Keep in mind that you are describing the detailed methods in a separate assignment. Therefore, figure captions and/or supporting text should include only the most relevant aspects of the methods, such as the names of the diagnostic enzymes, a clear description of any normalization or statistics done on the flow cytometry data, etc.
System construction: making and verifying plasmid
- Schematic: Overall approach
- You may prepare something similar to the M1D1 Intro figure, but should NOT copy and insert it directly.
- Topic: Apparent success of PCR, digestion, and recovery, including role of controls when applicable
- Figure: Gel of digested DNA prior to cloning
- Figure: Recovery gel of purified, digested DNA
- Topic: Apparent success of ligation and transformation, including role of controls when applicable
- Topic: Apparent success of cloning, explicitly including predicted vs. observed sizes, extraneous bands, and role of controls when applicable
- Schematic: Diagnostic digest plan, for example in marked up plasmid map form
- Figure: Diagnostic digest gel
DNA repair assay
- Schematic: Overall approach and question being asked
- You may further modify the background section figure (or create a new one) to emphasize specific samples, if you did not do so before
- Topic: Rationale for gating choices, particularly on FL1-FL2 plot.
- Topic: Understanding controls: What is the purpose of the negative control? the positive control? the two single plasmid controls?
- Figure: Sample raw flow cytometry data from own experiment
- at a minimum, include one FSC-SSC plot, as well as fluorescence plots for a negative control, a positive control, and one experimental sample
- Figure: Processed individual flow cytometry data (e.g., bar chart and error bars, where applicable)
- Figure: Processed class-wide flow cytometry data (e.g., bar chart and error bars)
- For class-wide data, make sure you are making meaningful comparisons.

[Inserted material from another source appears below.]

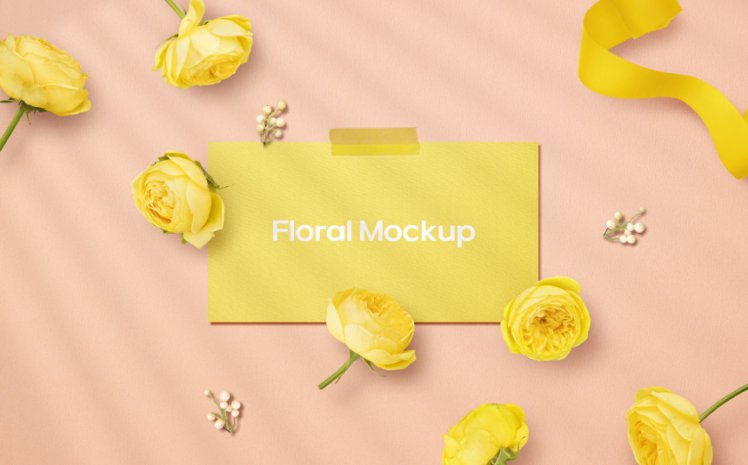 图穷联素材库 » 黄色花朵春天春季花瓣花卉场景卡片明信片装饰样机PSD海报模板

One plot that shows everyone's data without a thoughtful purpose or interpretation will result in a poor score.
- Please use a separate plot or dual-axis plot to keep the positive control from dwarfing the other data
- Topic: Flow data analysis: for the sub-topics below, be as specific as you can be. When possible, use supporting statistics to make your argument.

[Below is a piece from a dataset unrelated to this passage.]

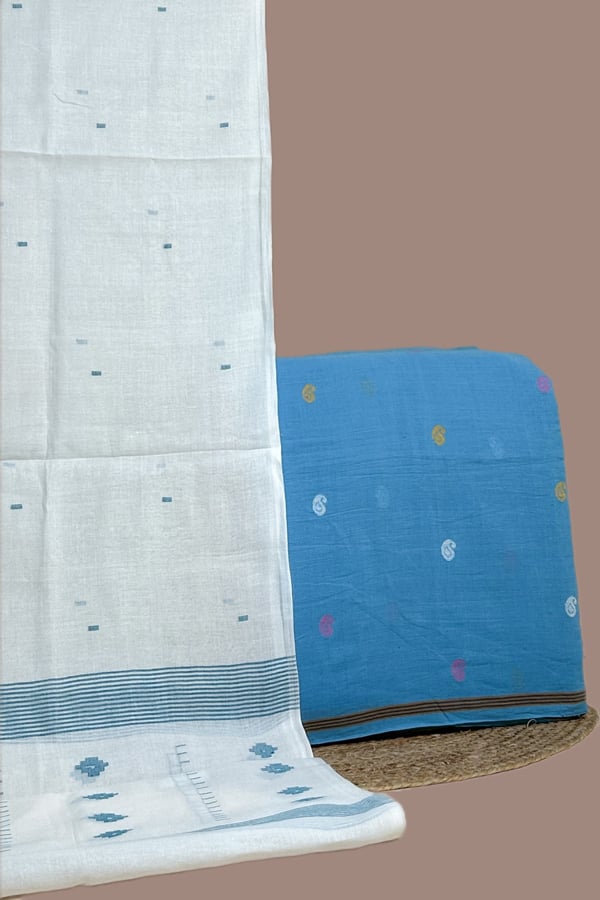 Blue – 2pc Handloom Cotton Dupatta and Handloom Woven Design Top Fabric Set

- In more depth than you may have described above, what can you learn from the positive control? If two groups have different GFP+ values (say, 60% and 80%), what does that outcome mean and how might it influence your later data analysis?

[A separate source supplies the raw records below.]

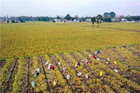 四川新闻网消息(温选鹏 盛晓波 记者 李田)12月15日,在眉山市彭山区谢家街道汉安村,大片成熟待收的泽泻在冬日暖阳的照耀下格外喜人。
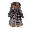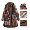 Women Casual Outwear Winter Warm Retro Printed Pockets Zipper Hooded Thicker Coat Plus Size
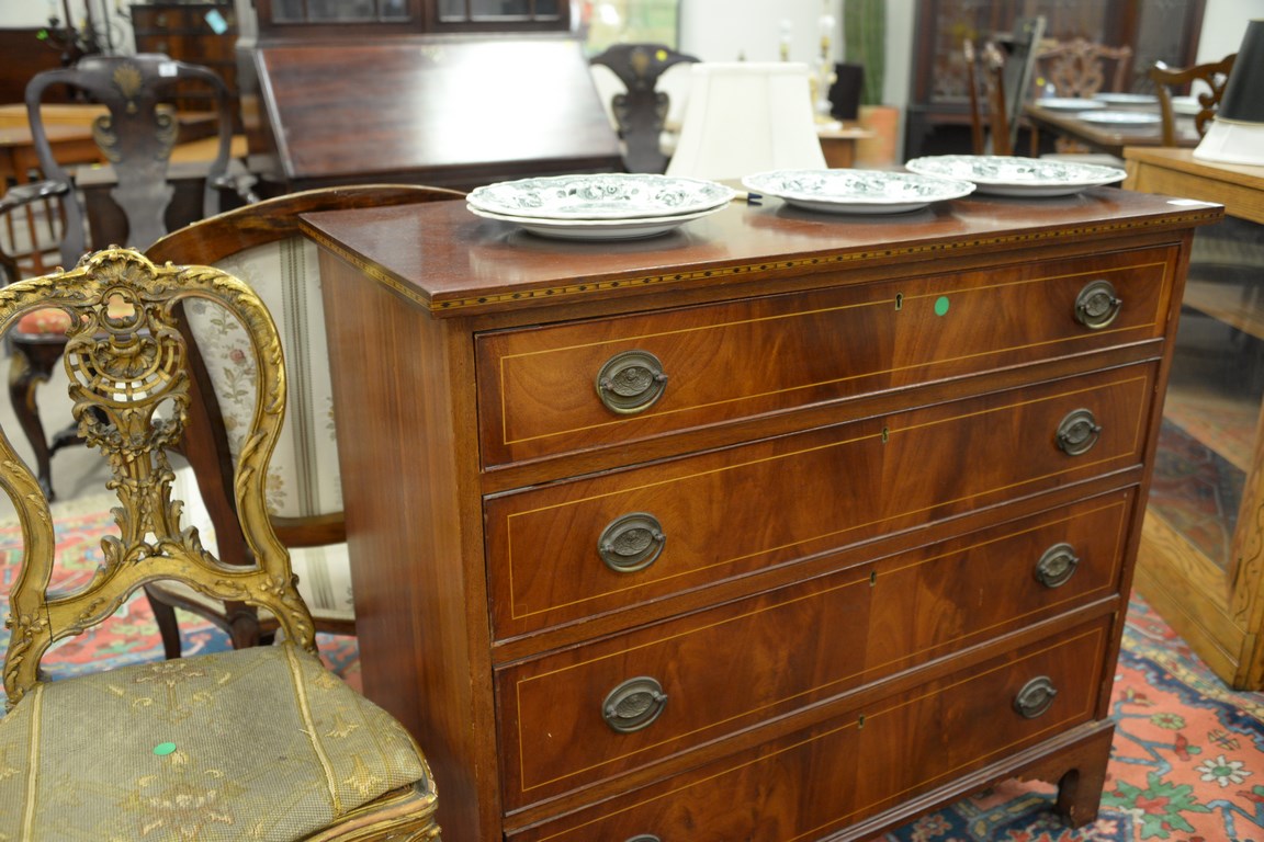 Federal style mahogany four drawer chest, ht. 35 in. wd. 38 in.

- Did the outcomes for the single plasmid controls match your expectations? How might you explain any discrepancies?
- Did the relative amounts of HR (both individual and classwide) match your expectations/hypotheses? How might you explain any discrepancies between outcomes and expectations?
- For repeated samples, does the class-wide data mark any of your own data as suspect?
Implications and future work: potential topics and figures
- Topic: Based on the results, whether they matched your expectations or not, what experiments might you recommend next? Follow-up experiments could distinguish between competing explanations of a given outcome or broaden the sample set for a question you already asked, to give just two examples.
- Topic: How might this assay be improved?
- Topic: How might this assay be used as a research tool? in the clinic? in the pharmaceutical industry?
- Topic: If you were studying two cell lines that showed different levels of HR with this assay, what more could you learn by tagging BRCA2 protein with RFP (red fluorescent proteins) in the same two cell populations?